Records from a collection
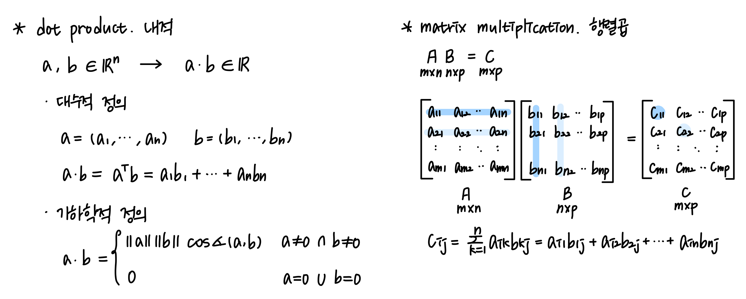 - 두 벡터의 내적을 계산한 결과이므로 스칼라값을 return
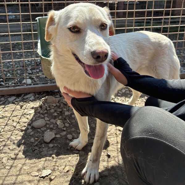 Die hübsche NADIRAH zeigte sich bei unserem Besuch wieder direkt sehr neugierig und interessiert. Gern nahm sie die Leckerlie aus unseren Händen, blieb stets in der Nähe und tänzelte um uns herum. In einer ruhigen Minute konnten wir sie in einer Kennelecke behutsam streicheln. Diese intensive Nähe ist noch etwas ungewohnt für sie, doch wir sind uns sicher, dass die zarte NARIDAH in einer geborgenen Umgebung rasch komplett Vertrauen fassen können wird. Während unseres Aufenthalts zeigte sie sich im gemischten Rudel verträglich, doch laut Aussagen der Tierschützerin vor Ort ist NADIRAH nur bedingt mit Hündinnen verträglich und hat diese in der Vergangenheit auch schon ernsthaft angegriffen. Daher sehen wir sie nur in sehr erfahrenen Händen und eher als Einzelhund bzw. bei souveränen Rüden. Wir wünschen dem lebensfrohen Mädchen, dass der Shelter nicht ihre Endstation ist.
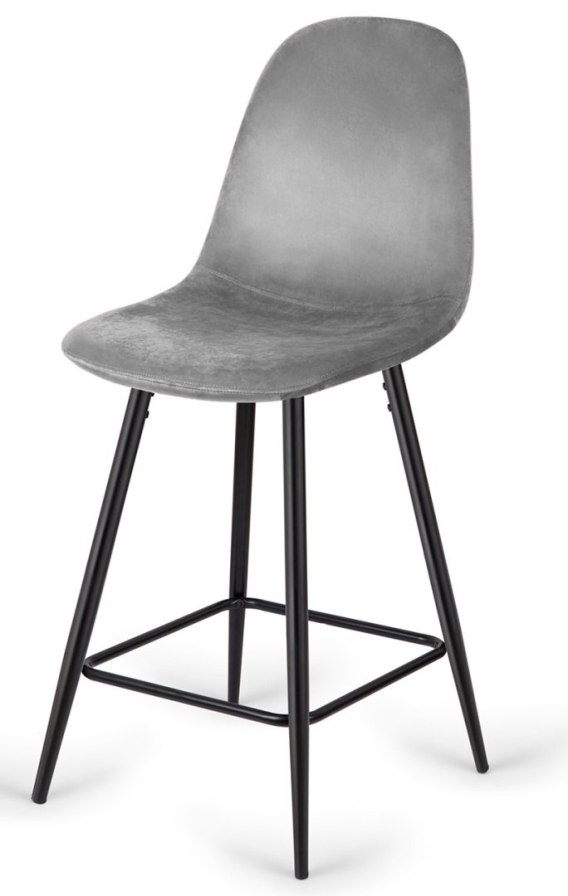 Krzesło barowe hoker, stalowe czarne nogi i szare welurowe siedzisko.
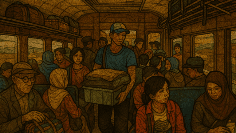 Begitulah cerita si Bapak tentang kehidupan kereta api, kondektur, pedagang asongan, dan para penumpangnya pada masa sebelum Pak Jonan mereformasi perkeretaapian.
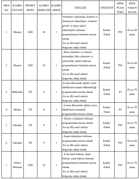 Adayların ayrıca ilan edilen kadrolara özel kriterleri taşıması zorunlu.
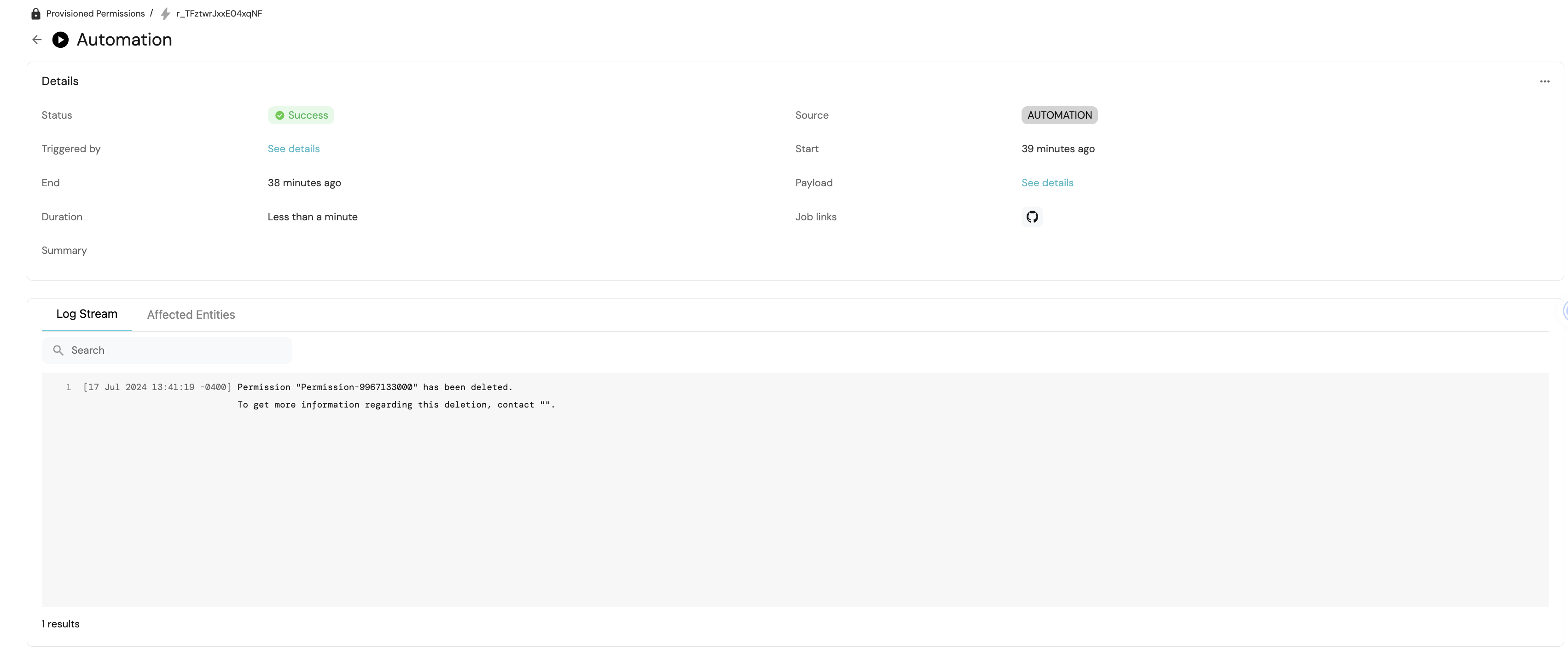 The action will also create a new Provisioned Permissions entity, visible in the Provisioned Permissions catalog page.
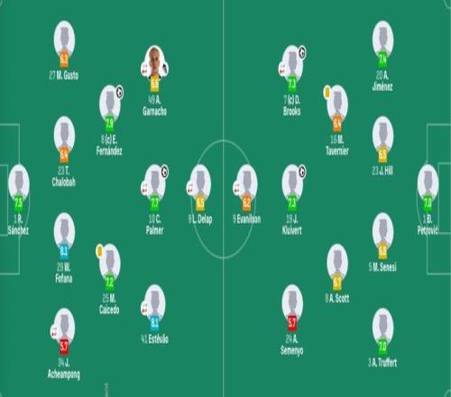 切尔西首发:1-桑切斯、34-乔什·阿昌庞(46'24-詹姆斯)、23-查洛巴、27-古斯托、29-福法纳、25-凯塞多、8-恩佐、41-埃斯特旺(92'11-吉滕斯)、10-帕尔默(63'20-若昂·佩德罗)、49-加纳乔(46'7-内托)、9-德拉普(87'17-桑托斯)
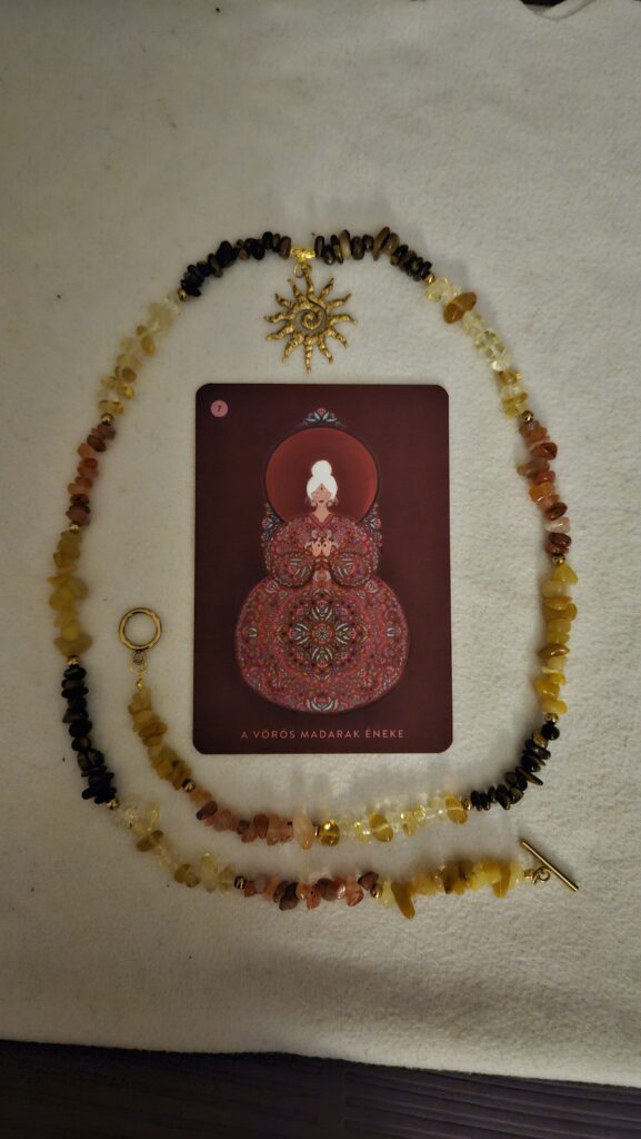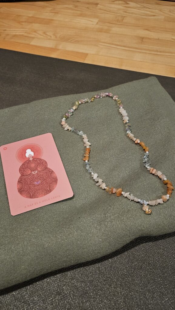 A második napon tartottam az első női workshopomat a lányoknak. Vizualizációval, kreatív energiával, alkotással dolgoztunk. Egy olyan folyamat volt ez, ahol megengedhettük magunknak az alkotói kiteljesedést, majd az alkotást szó szerint továbbvihettük magunkkal. Ezek az ékszerek a női test területeihez kapcsolódnak, és a kreatív önkifejezés eszközei. Az alkotások feltöltődtek a jóga, a hangtálak, a női kör, az oltár energiájával. Ezek nem „csak” ékszerek lettek, hanem emlékeztetők, lenyomatok.
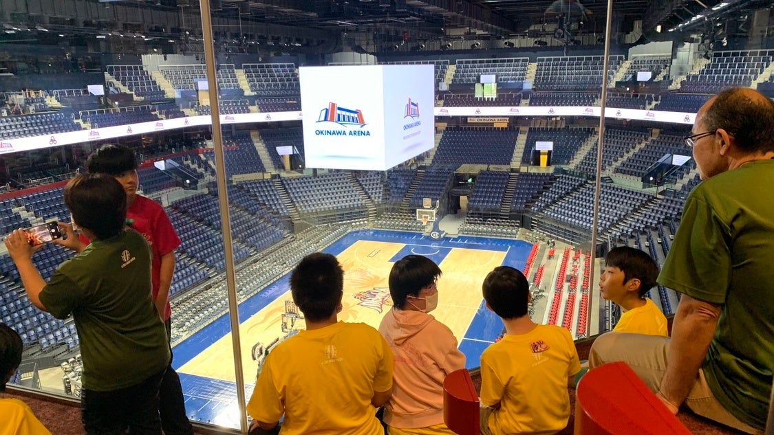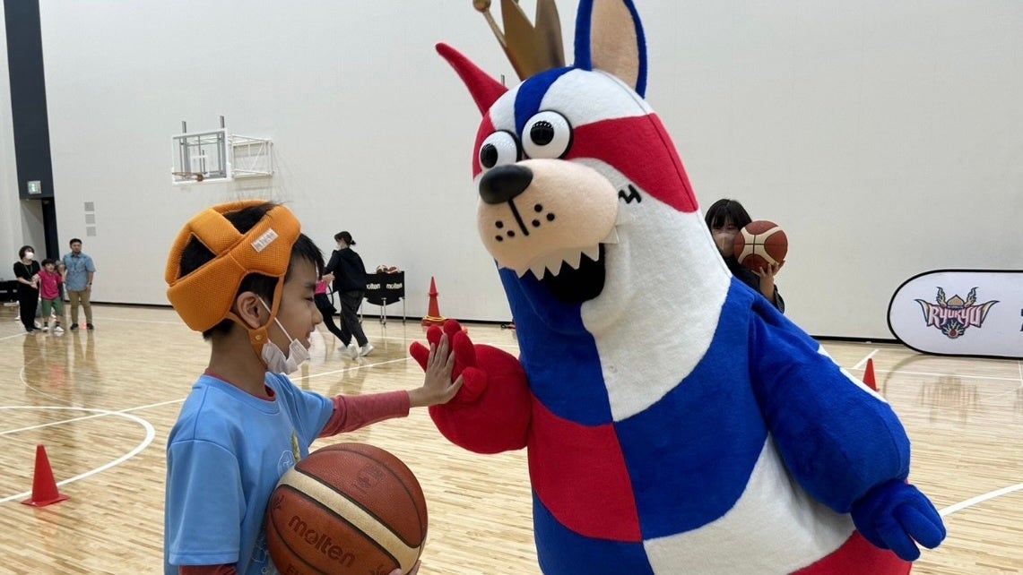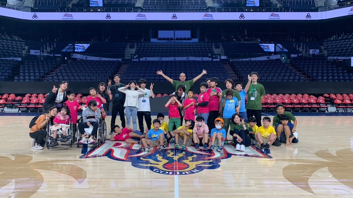 交流会では、沖縄アリーナ株式会社と沖縄スポーツアカデミー株式会社の協力のもと、沖縄アリーナの施設見学を行った後、サブアリーナにてバスケスクールコーチによるボール遊びやドリブルシュート、ゴーディーとの交流や記念撮影などを行いました。沖縄アリーナの魅力と、体を動かすことやバスケットボールの楽しさを体験していただきました。

- **EXERCISE AIM**: Verbatim output of the entries is required, with each image left out.

- **EXERCISE OUTPUT**:
 - 두 벡터의 내적을 계산한 결과이므로 스칼라값을 return
 Die hübsche NADIRAH zeigte sich bei unserem Besuch wieder direkt sehr neugierig und interessiert. Gern nahm sie die Leckerlie aus unseren Händen, blieb stets in der Nähe und tänzelte um uns herum. In einer ruhigen Minute konnten wir sie in einer Kennelecke behutsam streicheln. Diese intensive Nähe ist noch etwas ungewohnt für sie, doch wir sind uns sicher, dass die zarte NARIDAH in einer geborgenen Umgebung rasch komplett Vertrauen fassen können wird. Während unseres Aufenthalts zeigte sie sich im gemischten Rudel verträglich, doch laut Aussagen der Tierschützerin vor Ort ist NADIRAH nur bedingt mit Hündinnen verträglich und hat diese in der Vergangenheit auch schon ernsthaft angegriffen. Daher sehen wir sie nur in sehr erfahrenen Händen und eher als Einzelhund bzw. bei souveränen Rüden. Wir wünschen dem lebensfrohen Mädchen, dass der Shelter nicht ihre Endstation ist.
 Krzesło barowe hoker, stalowe czarne nogi i szare welurowe siedzisko.
 Begitulah cerita si Bapak tentang kehidupan kereta api, kondektur, pedagang asongan, dan para penumpangnya pada masa sebelum Pak Jonan mereformasi perkeretaapian.
 Adayların ayrıca ilan edilen kadrolara özel kriterleri taşıması zorunlu.
 The action will also create a new Provisioned Permissions entity, visible in the Provisioned Permissions catalog page.
 切尔西首发:1-桑切斯、34-乔什·阿昌庞(46'24-詹姆斯)、23-查洛巴、27-古斯托、29-福法纳、25-凯塞多、8-恩佐、41-埃斯特旺(92'11-吉滕斯)、10-帕尔默(63'20-若昂·佩德罗)、49-加纳乔(46'7-内托)、9-德拉普(87'17-桑托斯)
 A második napon tartottam az első női workshopomat a lányoknak. Vizualizációval, kreatív energiával, alkotással dolgoztunk. Egy olyan folyamat volt ez, ahol megengedhettük magunknak az alkotói kiteljesedést, majd az alkotást szó szerint továbbvihettük magunkkal. Ezek az ékszerek a női test területeihez kapcsolódnak, és a kreatív önkifejezés eszközei. Az alkotások feltöltődtek a jóga, a hangtálak, a női kör, az oltár energiájával. Ezek nem „csak” ékszerek lettek, hanem emlékeztetők, lenyomatok.
 交流会では、沖縄アリーナ株式会社と沖縄スポーツアカデミー株式会社の協力のもと、沖縄アリーナの施設見学を行った後、サブアリーナにてバスケスクールコーチによるボール遊びやドリブルシュート、ゴーディーとの交流や記念撮影などを行いました。沖縄アリーナの魅力と、体を動かすことやバスケットボールの楽しさを体験していただきました。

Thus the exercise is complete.